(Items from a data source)
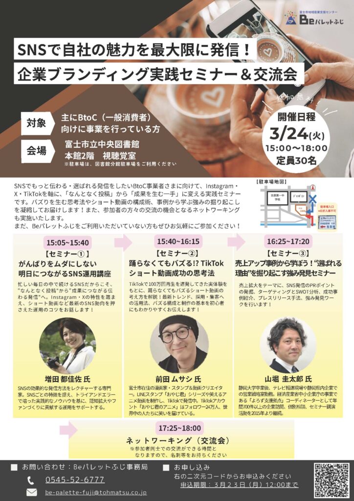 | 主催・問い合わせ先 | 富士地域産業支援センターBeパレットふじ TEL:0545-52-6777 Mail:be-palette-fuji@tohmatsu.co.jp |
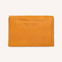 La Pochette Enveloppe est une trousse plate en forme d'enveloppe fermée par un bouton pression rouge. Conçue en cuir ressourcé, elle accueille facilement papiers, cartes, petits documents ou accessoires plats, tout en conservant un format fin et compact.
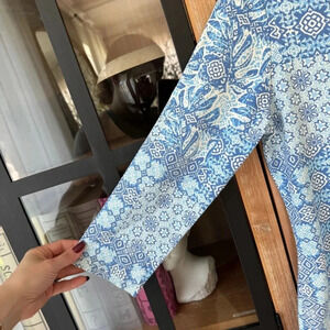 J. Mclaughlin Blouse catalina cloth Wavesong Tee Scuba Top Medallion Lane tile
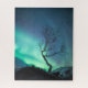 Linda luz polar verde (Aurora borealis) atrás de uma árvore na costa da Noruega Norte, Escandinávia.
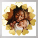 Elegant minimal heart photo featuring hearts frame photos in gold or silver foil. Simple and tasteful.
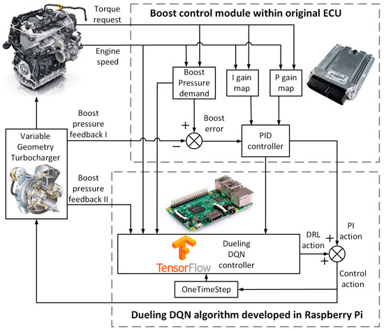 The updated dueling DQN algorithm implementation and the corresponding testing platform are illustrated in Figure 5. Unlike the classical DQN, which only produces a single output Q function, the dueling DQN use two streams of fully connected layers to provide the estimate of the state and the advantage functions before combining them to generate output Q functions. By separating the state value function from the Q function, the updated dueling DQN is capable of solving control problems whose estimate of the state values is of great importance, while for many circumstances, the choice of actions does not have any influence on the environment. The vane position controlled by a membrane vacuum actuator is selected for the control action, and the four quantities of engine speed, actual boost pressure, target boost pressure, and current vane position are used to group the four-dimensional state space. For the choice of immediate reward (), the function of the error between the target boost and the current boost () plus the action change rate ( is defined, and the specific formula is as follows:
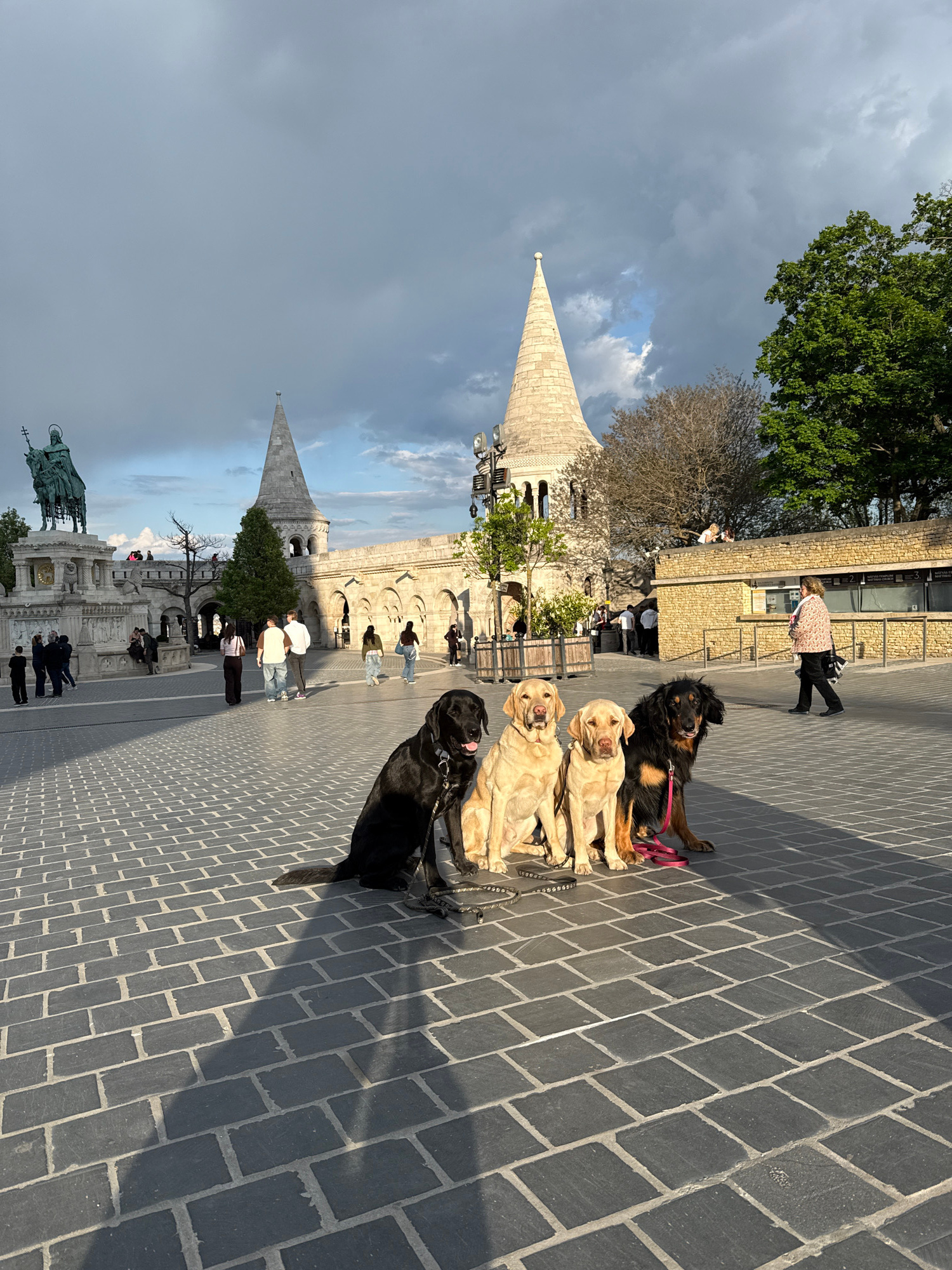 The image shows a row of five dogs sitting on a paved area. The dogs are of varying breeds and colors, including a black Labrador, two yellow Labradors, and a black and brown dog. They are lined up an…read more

• WHAT YOU HAVE TO DO: Give the lines again word for word, from the start of the records to the line holding "Elegant minimal heart", both included, and leave out any picture.

• FINAL ANSWER:
 | 主催・問い合わせ先 | 富士地域産業支援センターBeパレットふじ TEL:0545-52-6777 Mail:be-palette-fuji@tohmatsu.co.jp |
 La Pochette Enveloppe est une trousse plate en forme d'enveloppe fermée par un bouton pression rouge. Conçue en cuir ressourcé, elle accueille facilement papiers, cartes, petits documents ou accessoires plats, tout en conservant un format fin et compact.
 J. Mclaughlin Blouse catalina cloth Wavesong Tee Scuba Top Medallion Lane tile
 Linda luz polar verde (Aurora borealis) atrás de uma árvore na costa da Noruega Norte, Escandinávia.
 Elegant minimal heart photo featuring hearts frame photos in gold or silver foil. Simple and tasteful.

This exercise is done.